In addition, a series of 2 × 2 contingency tables are used to estimate conditional probability indices that provide differential perspectives on the accuracy of risk identification: sensitivity (SE), specificity (SP), positive predictive power (PPP), negative predictive power (NPP), and the overall percentage of students who were correctly classified (OCC). Sensitivity describes the proportion of all individuals who failed an outcome (e.g., <40th percentile on the SESAT) who were also identified as at risk according to a cut point on a selected screening assessment (e.g., scoring <10 letters correct on the FAIR letter task), specificity describes the proportion of all students who passed an outcome (e.g., ≥40th percentile on the SESAT) who were also identified as not at risk on the screener (e.g., scoring ≥10 letters on the FAIR), positive predictive is the percentage of all students who were identified as at risk on the screen who ultimately failed the outcome test, negative predictive power is the percentage of all students who were identified as not at risk on the screen who passed the outcome test, and the overall correct classification is the proportion of students who were correctly classified as either at risk (i.e., sensitivity) or not at risk (i.e., specificity).

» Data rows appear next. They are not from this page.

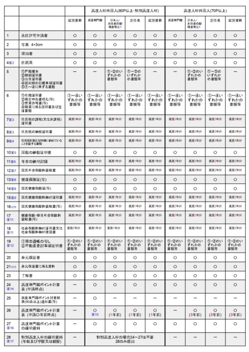 ※15 高度専門職ポイント計算結果通知書により80点以上を有する旨の通知を受けていない場合提出(1年前時点)
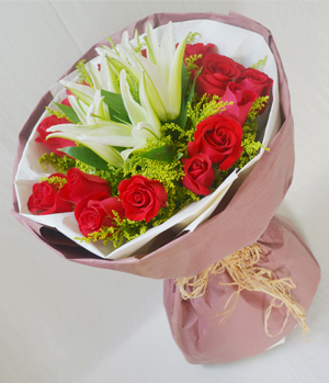 Love Unlimited16 red roses and 5 white perfume lilies with solidago. White paper inside and coffee crepe paper outsite, exquisite round style hand bouquet. |
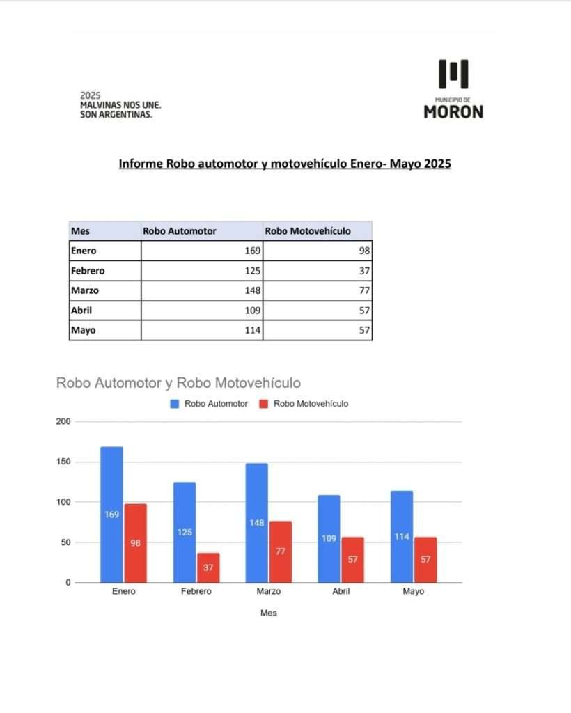 Los números dados a conocer por la cartera moronense reflejan que durante enero se cometieron 169 hechos de robo automotor, mientras que en el quinto mes del año la cifra descendió a 114. Respecto al robo de motos, se registraron 98 hechos el primer mes del año, en tanto que en mayo la cantidad de delitos de este tipo cayó a 57.
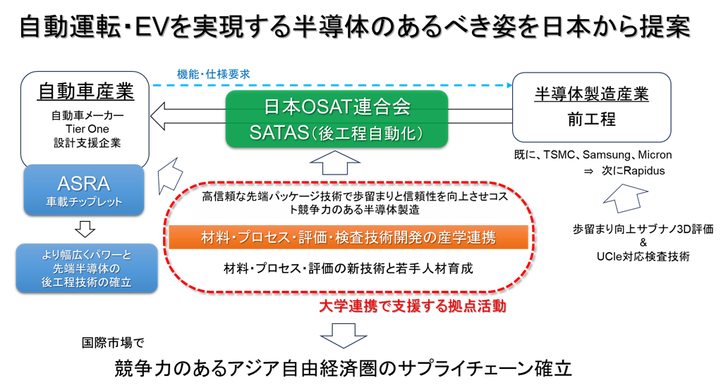 先端半導体と次世代パワー半導体は、自動運転を支えるAI制御や電動化を担うWGB半導体は省エネルギー技術の切り札であり、高品質と高信頼を特徴とする我が国の産業の強みでもある。車載半導体の品質を支えるのはパッケージング材料とプロセス、更にはその信頼性技術であり、これを日本の産業の持続的な特徴とし、AI/IoTの来たるべき社会の基本技術領域とする。
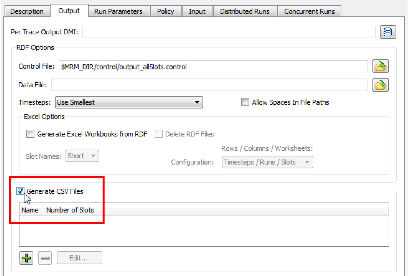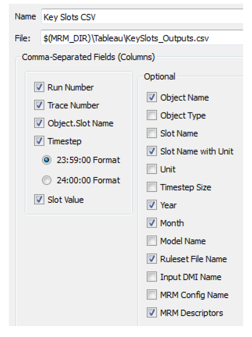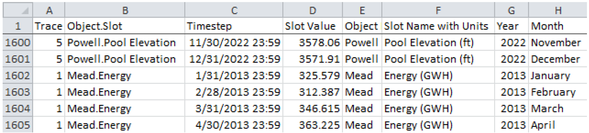 During the MRM run, RiverWare will write the outputs to the specified CSV file. The file will contain one row for each selected slot at each timestep for each run. For each row, the columns will be filled in appropriately by RiverWare based in the selected dimensions.

Screening assessments often vary in classification accuracy because of the type of gold standard chosen, the base rate of the problem in the sample, and the method with which cut points are selected (Petscher, Kim, & Foorman, 2011), and though no universally agreed on threshold exists for indices of screening accuracy, many researchers attempt to meet estimates of at least .80 when maximizing a particular statistic (e.g., sensitivity or positive predictive power). However, others have recommended that both sensitivity and specificity should be at least .90, as this corresponds to a kappa agreement coefficient of .80, typically denoted as excellent agreement for pairs of ratings (Feuerman & Miller, 2008). Although this represents an idealistic threshold, many commonly used screens range in their screening accuracy from as low as .60 for sensitivity and specificity to greater than .90 (National Center on Response to Intervention, 2010).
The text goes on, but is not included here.